Individual languages can perish or be wiped out. The interaction of fate, technology,
and capitalism is what is important most.

 Under Latin and above the spoken vernaculars, they first and foremost established
unified fields of exchange and communication. Second, print capitalism gave
the language a fresh sense of fixity, which eventually contributed to the creation of
the subjective notion of the nation that is so strongly rooted in the idea of antiquity.

 Then, print capitalism produced power languages that were distinct from the earlier
administrative vernaculars. The fixing of print languages and the differentiation of
status between them were historically largely unconscious processes brought about
by the explosive interaction of capitalism, technology, and linguistic diversity in
humans.
 The convergence of capitalism and print technology on the fatal diversity of human
language created the possibility of a new form of imagined community, which in its
basic morphology set the stage for the modern nation, is how we can summarize
the conclusions to be drawn from the argument so far.

 Since they were historically the first such states to appear on the global stage, they
inevitably provided the first accurate representations of what such states should
"look like," and their numbers and recent births provide an excellent basis for
comparative enquiry.

III. Creole Pioneers

 The political initiation of the lower classes was connected to the rise of nationalism
in a distinctly modern sense. One important factor initially igniting the drive for
independence from Madrid, in such significant cases as Venezuela, Mexico, and
Peru, was the fear of "lower-class" political mobilizations, which was far from an
attempt to "induct the lower classes into political life."

 Additionally, the expansion of Creole communities, particularly in the Eurasians,


Eurafricans, and Euramericans inevitably emerged as distinct social groups, not just
in the Americas but also in some regions of Asia and Africa. Their emergence
allowed for the flourishing of a way of thinking that prefigures modern racism.
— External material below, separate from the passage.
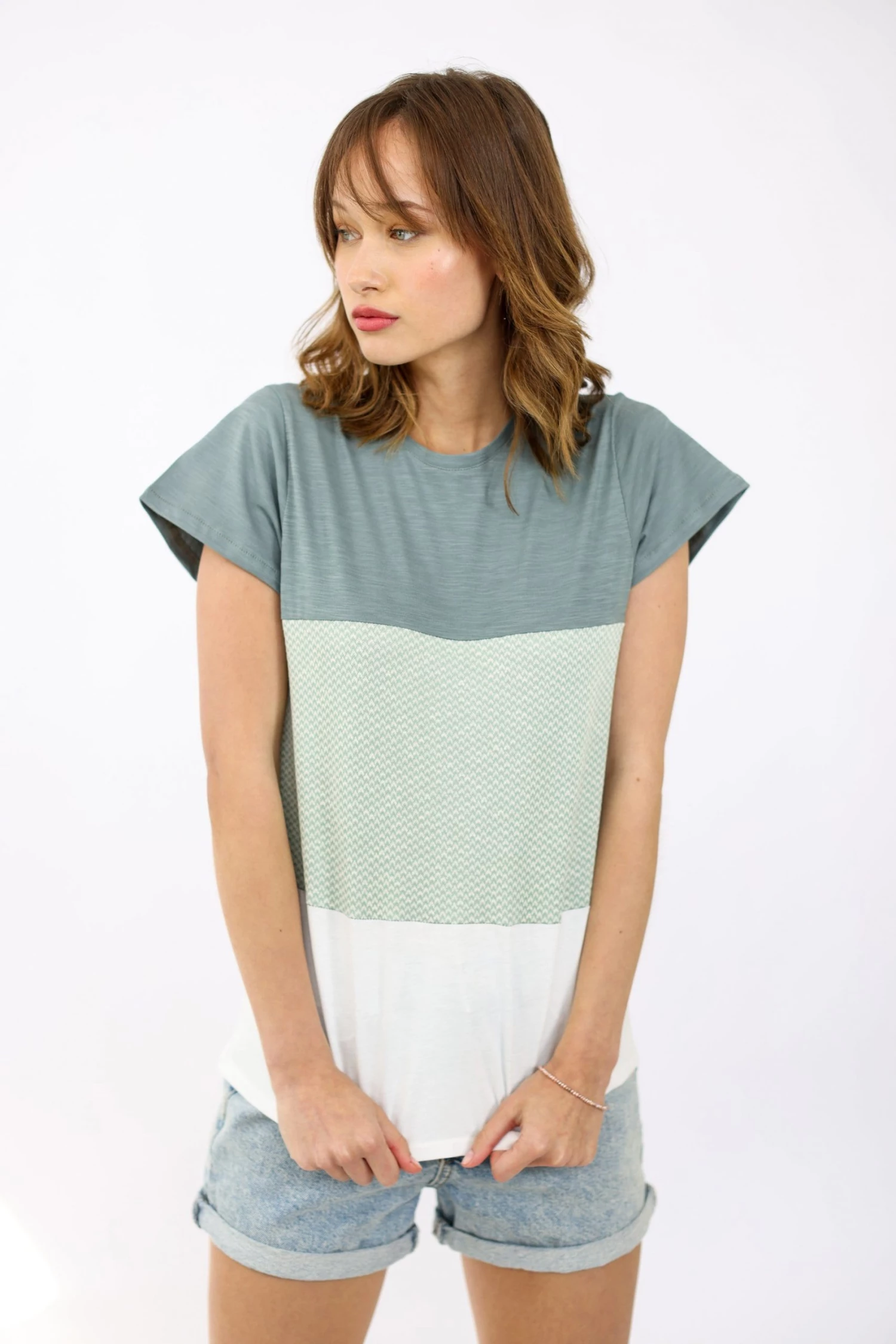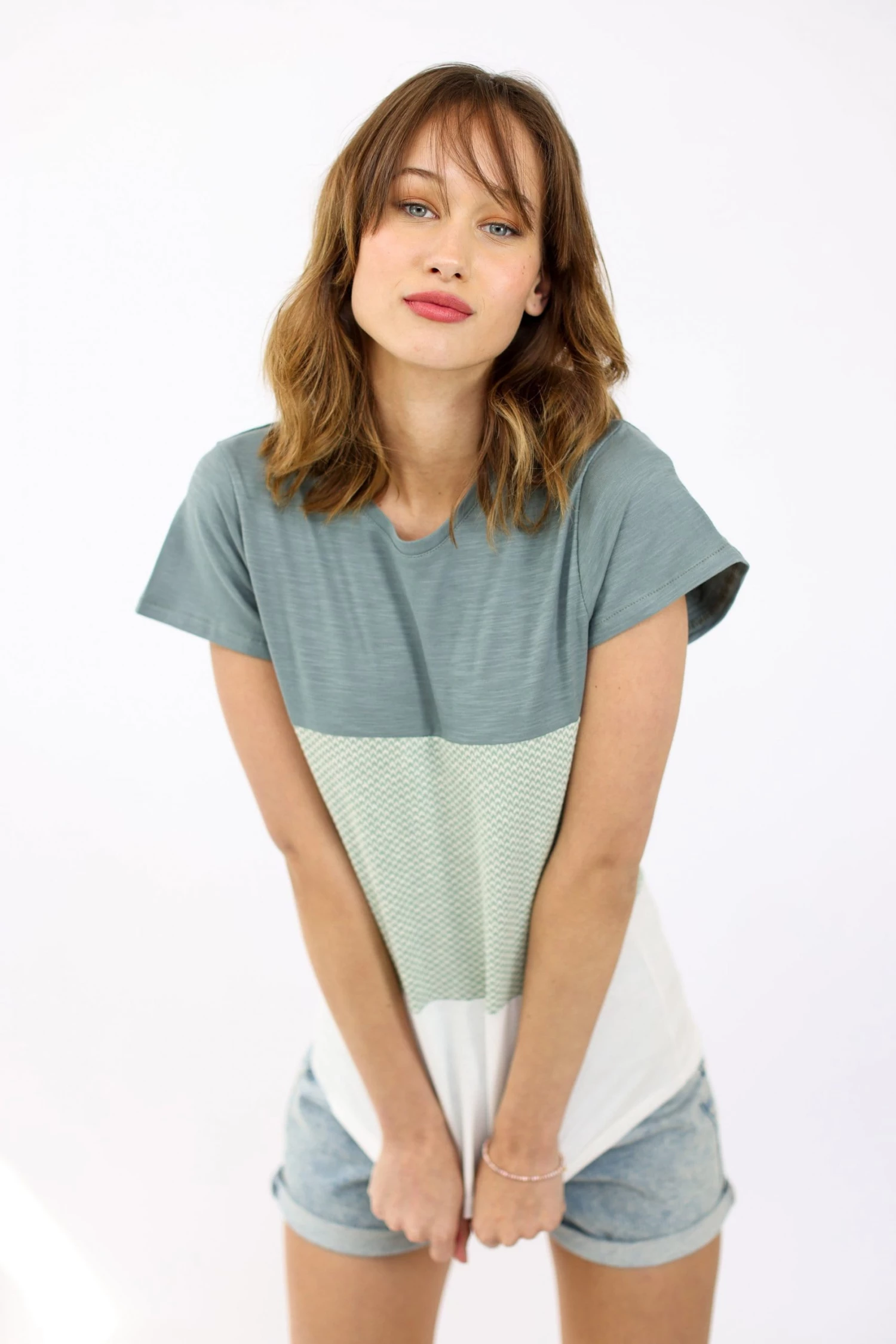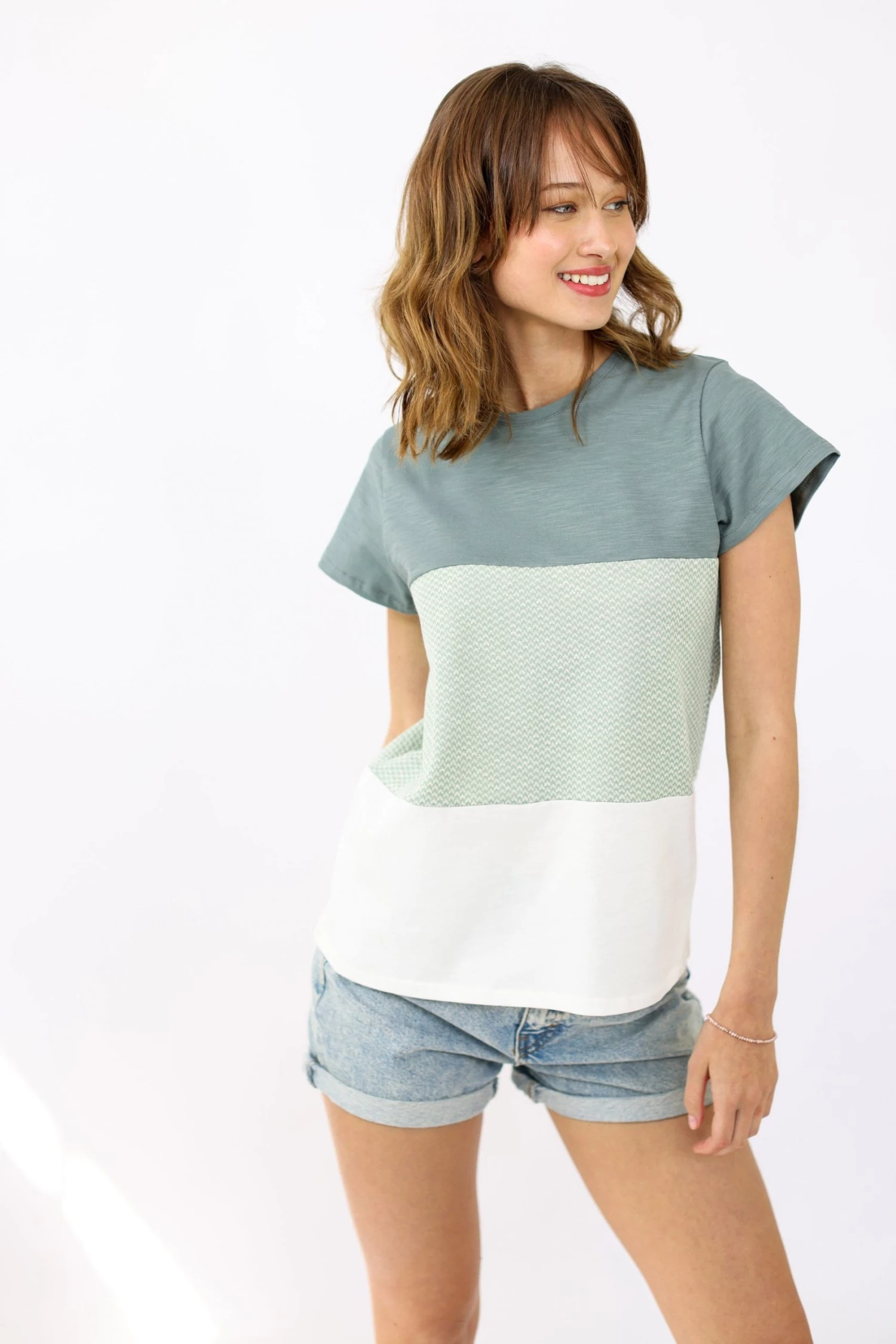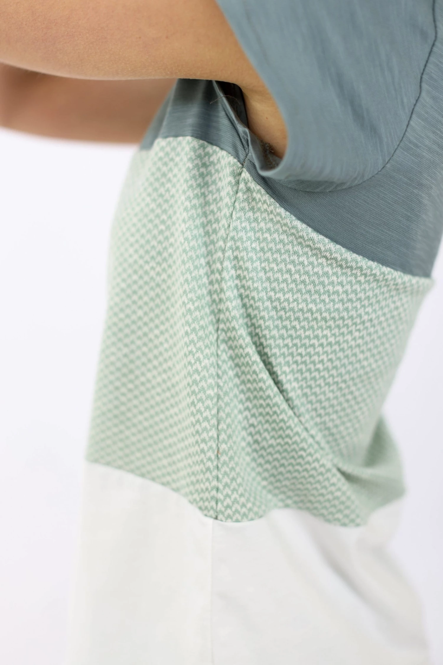 Top Mia at the coolest color block design! Olive green on top, followed by a green and cream chevron pattern in the middle part and finishing with a white bottom part. A statement top for a cool yet girlish outfit. Wear it with jeans and your favourite sneakers!Â

 The tightening of Madrid's control and the spread of the liberalizing Enlightenment
ideas in the second half of the eighteenth century are the two factors that are most
frequently cited as causes.

 We've seen that the very idea of a newspaper implies the reflection of even "world
events" into a particular imagined world of vernacular readers, and we've also seen
how important an idea of steady, solid simultaneity through time is to that imagined
community.

 The Protestant, English-speaking Creoles to the north were much better positioned
to realize the idea of "America" and eventually succeeded in claiming the common
name of "Americans." It goes without saying that the economic interests at stake
are fundamentally important and well-known.

 Neither economic interest, Liberalism, nor Enlightenment could, or did, create in


themselves the kind, or shape, of imagined community to be defended from these
regimes' depredations; to put it another way, none provided the framework of a new
consciousness — the scarcely-seen periphery of its vision - as opposed to centre-
field objects of its admiration or disgust. In accomplishing this specific task, pilgrim
Creole functionaries and provincial Creole printmen played the decisive historic role.